*EXERCISE DATA*.
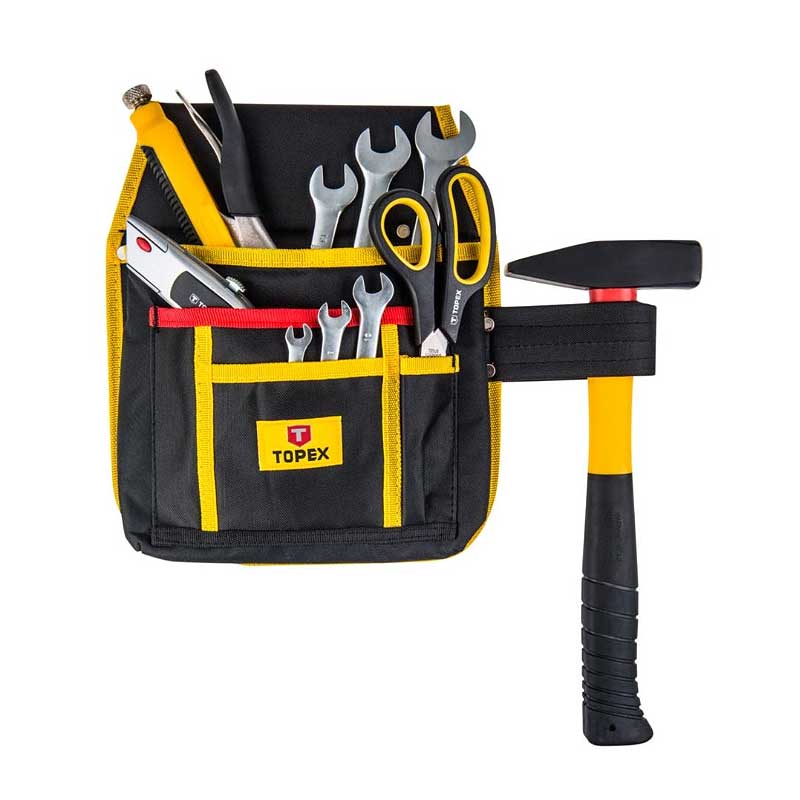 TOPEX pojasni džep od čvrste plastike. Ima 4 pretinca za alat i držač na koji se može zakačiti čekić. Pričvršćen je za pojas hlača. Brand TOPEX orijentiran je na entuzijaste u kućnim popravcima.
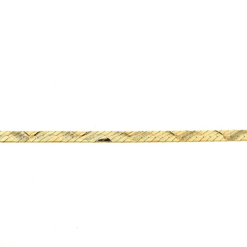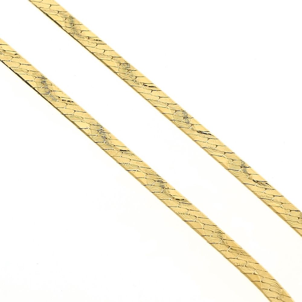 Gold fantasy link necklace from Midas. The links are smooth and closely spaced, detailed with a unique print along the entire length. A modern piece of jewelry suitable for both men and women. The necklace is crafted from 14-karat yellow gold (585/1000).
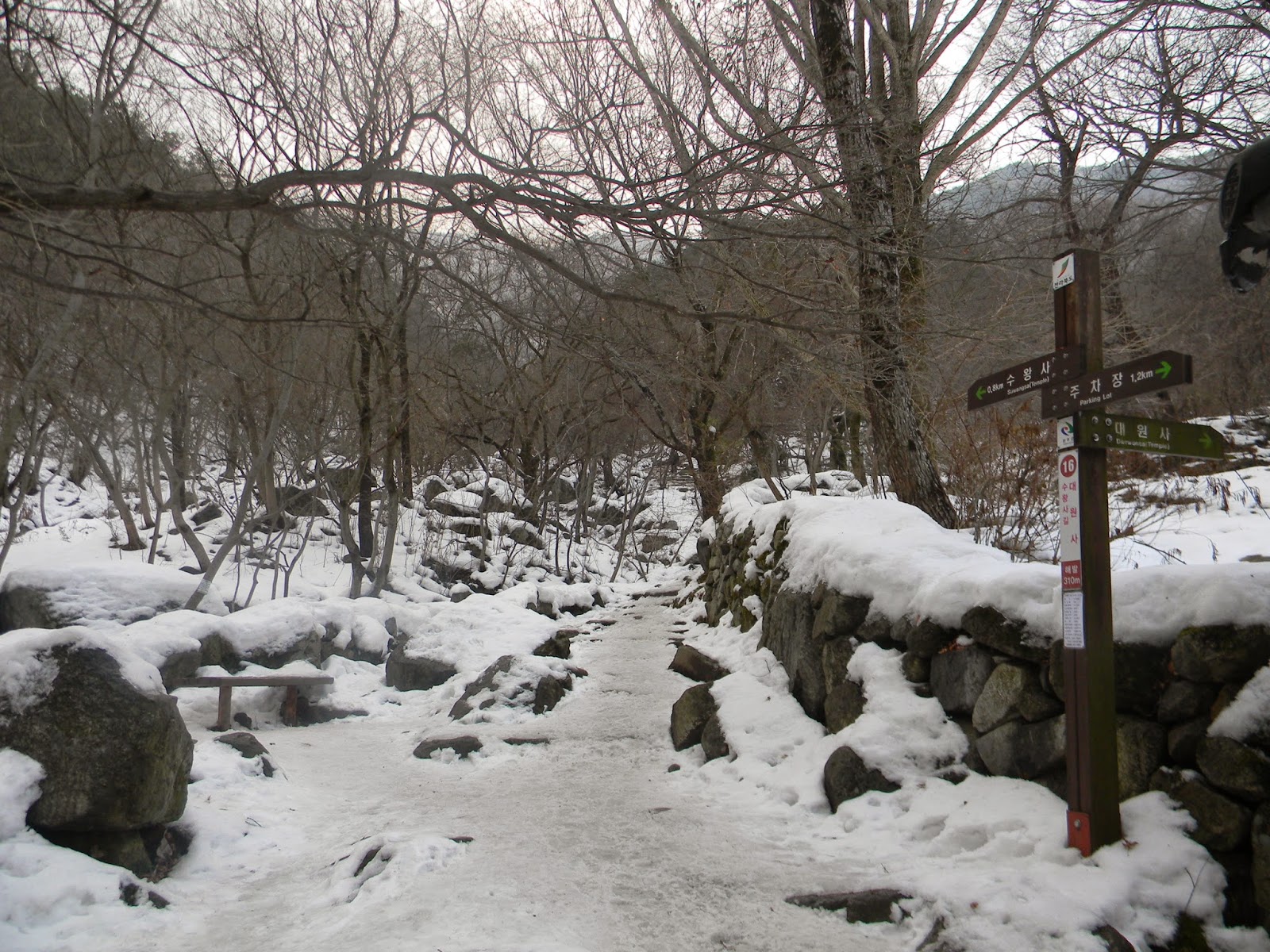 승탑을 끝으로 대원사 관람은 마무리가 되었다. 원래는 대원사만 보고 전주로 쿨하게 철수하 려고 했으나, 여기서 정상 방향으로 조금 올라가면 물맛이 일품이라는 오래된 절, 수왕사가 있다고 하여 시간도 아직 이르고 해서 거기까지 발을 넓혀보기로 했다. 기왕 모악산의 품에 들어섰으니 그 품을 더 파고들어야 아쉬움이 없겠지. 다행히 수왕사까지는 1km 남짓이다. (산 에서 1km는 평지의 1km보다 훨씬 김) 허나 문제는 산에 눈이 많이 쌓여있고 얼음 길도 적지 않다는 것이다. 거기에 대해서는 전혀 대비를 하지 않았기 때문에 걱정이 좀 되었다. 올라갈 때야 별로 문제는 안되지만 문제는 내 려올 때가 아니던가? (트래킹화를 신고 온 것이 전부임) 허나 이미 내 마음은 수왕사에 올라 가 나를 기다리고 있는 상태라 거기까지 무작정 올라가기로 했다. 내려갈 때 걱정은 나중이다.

*THE TASK*. Repeat the listing above exactly from its first line to the line containing "Gold fantasy link", both included, and omit the pictures.

*RESULT OF THIS TASK*.
 TOPEX pojasni džep od čvrste plastike. Ima 4 pretinca za alat i držač na koji se može zakačiti čekić. Pričvršćen je za pojas hlača. Brand TOPEX orijentiran je na entuzijaste u kućnim popravcima.
 Gold fantasy link necklace from Midas. The links are smooth and closely spaced, detailed with a unique print along the entire length. A modern piece of jewelry suitable for both men and women. The necklace is crafted from 14-karat yellow gold (585/1000).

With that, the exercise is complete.